I actually expected to hear more from him this episode, since we met him as the voice of Saggitaron extremism.  It would be especially interesting given his avowed secularism to hear him claim his Saggitaron identity while still arguing on the side of science as we know he has and would.  (How are the Saggitarons suddenly pacifist “religious freaks” when Zarek had such good press among them?  And I thought the Geminons were the super-religious ones?)

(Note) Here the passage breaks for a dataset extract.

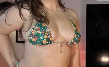 This may contain: a beautiful woman in a patriotic swimsuit leaning against a wall with her hand on her head

The way humans treat other humans shows up in sharp relief with our observations of Six in captivity.  She’s actually treated much better than the Saggitarons, because though she’s far more the enemy than they are, she’s also valuable.  OMG HEAD!BALTAR LOVE.  So you’re here to save him? Baltar doesn’t use a lot of first person on his own, but especially in Six’s head.  Baltar’s head!Six always refers to every incarnation of Six in the first person.  It’s always her.  Baltar is the opposite, he can’t even own up to himself.  Even Six (or Baltar himself) thinks he’s a completely different person now than he was before the attack.  No weight on his conscience, and so no empathy for someone in the spot Six is in right now.

We finally see someone react to the weirdness that has been Baltar all along, with Laura and Tori observing the one-sided caress.  They expected him to be talking to himself and twitching around strangely, because he’s a genius, they’re strange.  But because they expect Six to be different and sinister, her behavior looks suspicious to them.  I’m not sure if the fact that she’s seeing Baltar would be as bad as communicating with other Cylons, or maybe even worse.



other thoughts
  • Gaius’ lullaby at the beginning is awesomely creepy; I actually couldn’t tell who it was at first and wondered if it was one of the families on board.  It didn’t sound like Sharon and Helo, but it could easily have been Callie and Tyrol.
  • Actual “fuck” count is up to two - when Helo and Sharon are fighting, I’m pretty sure he yells “oh, that’s right, it’s all in my fuckin’ head.”
  • I thought I was making it up, but there are slightly different opening credits every episode.  this show.  this effing show.  oh, when it’s paying attention, it’s art in every beautiful detail.  it’s so many people’s baby.